**Work request:** Note on the material below: return exactly the lines from the line that holds "9. For the Drop" through the line that holds "38分钟,HKA拿下远古龙,锤石前去做眼", and leave out each picture.
(Material provided begins)
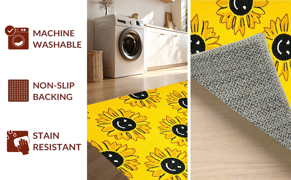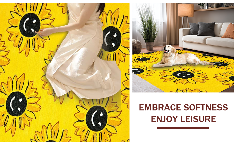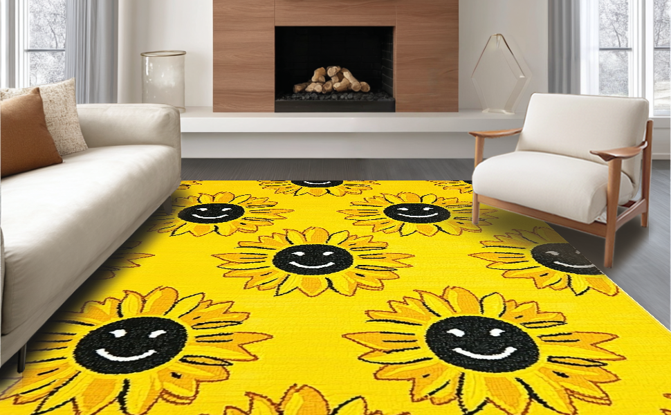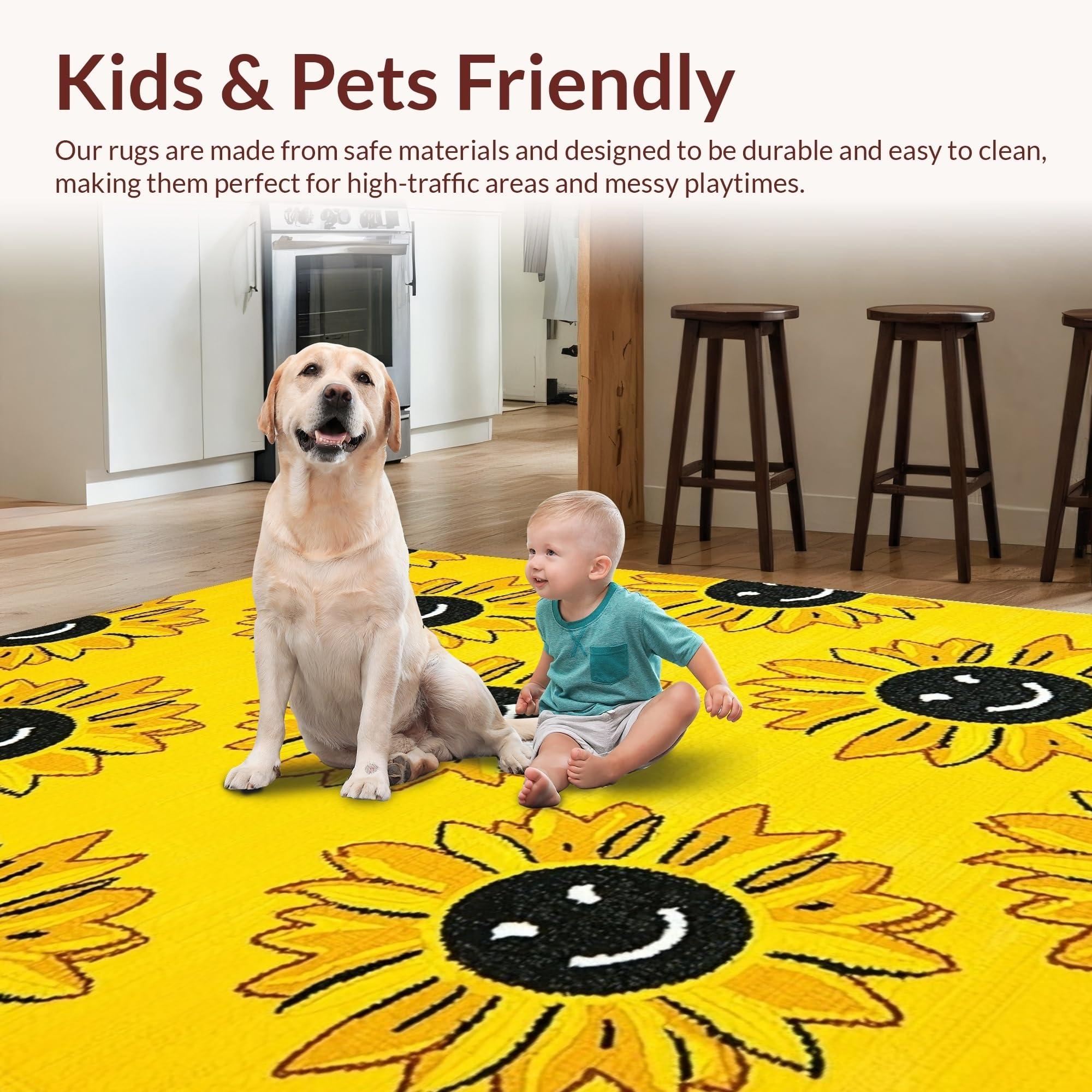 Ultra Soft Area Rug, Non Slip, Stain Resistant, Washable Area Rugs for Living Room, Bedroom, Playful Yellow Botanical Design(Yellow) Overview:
(Material provided ends)
(Material provided begins)
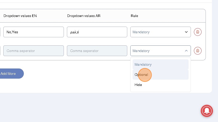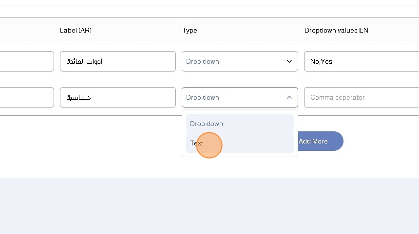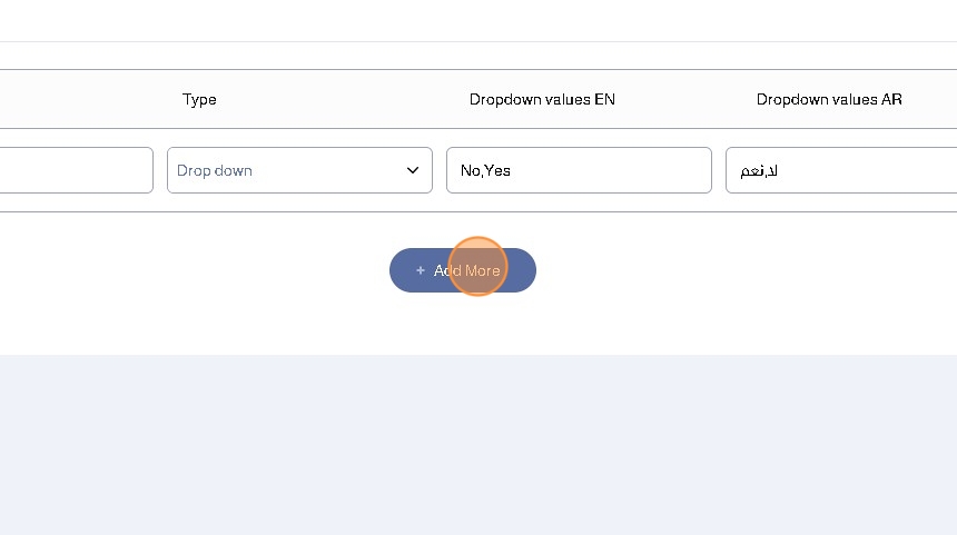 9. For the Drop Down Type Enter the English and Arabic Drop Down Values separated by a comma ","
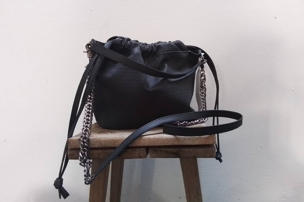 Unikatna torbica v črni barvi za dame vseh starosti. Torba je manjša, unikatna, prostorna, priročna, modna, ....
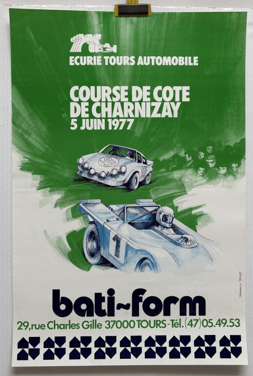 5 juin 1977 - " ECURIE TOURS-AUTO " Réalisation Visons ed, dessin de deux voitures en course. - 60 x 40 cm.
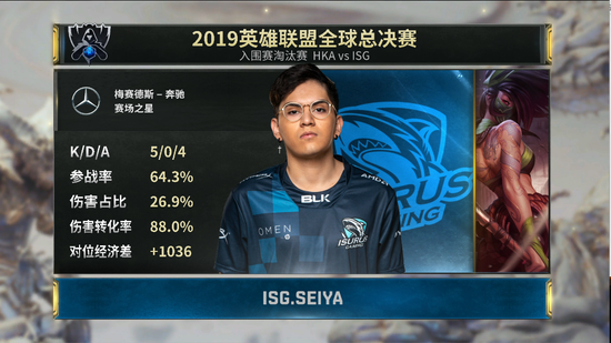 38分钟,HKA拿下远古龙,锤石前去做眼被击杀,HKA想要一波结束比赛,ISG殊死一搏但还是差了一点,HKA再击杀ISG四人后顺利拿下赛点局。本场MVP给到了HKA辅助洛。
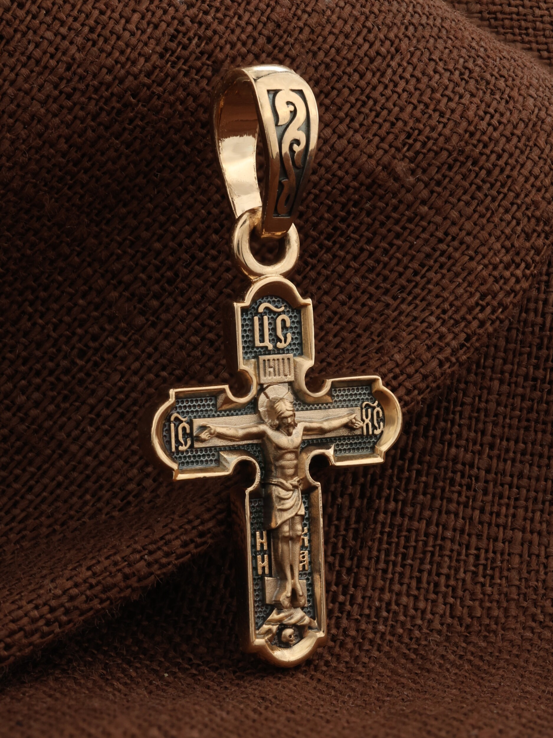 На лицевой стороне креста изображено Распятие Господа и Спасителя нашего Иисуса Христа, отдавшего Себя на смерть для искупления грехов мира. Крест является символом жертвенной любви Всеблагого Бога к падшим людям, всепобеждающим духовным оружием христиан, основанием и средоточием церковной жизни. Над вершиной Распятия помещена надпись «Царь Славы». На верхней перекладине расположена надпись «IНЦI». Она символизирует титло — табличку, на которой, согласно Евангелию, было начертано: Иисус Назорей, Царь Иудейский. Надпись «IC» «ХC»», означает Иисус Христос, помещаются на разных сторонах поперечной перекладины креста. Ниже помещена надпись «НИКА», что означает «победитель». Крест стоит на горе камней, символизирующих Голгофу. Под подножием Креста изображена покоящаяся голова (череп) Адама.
(Material provided ends)
**Answer to the problem:**
 9. For the Drop Down Type Enter the English and Arabic Drop Down Values separated by a comma ","
 Unikatna torbica v črni barvi za dame vseh starosti. Torba je manjša, unikatna, prostorna, priročna, modna, ....
 5 juin 1977 - " ECURIE TOURS-AUTO " Réalisation Visons ed, dessin de deux voitures en course. - 60 x 40 cm.
 38分钟,HKA拿下远古龙,锤石前去做眼被击杀,HKA想要一波结束比赛,ISG殊死一搏但还是差了一点,HKA再击杀ISG四人后顺利拿下赛点局。本场MVP给到了HKA辅助洛。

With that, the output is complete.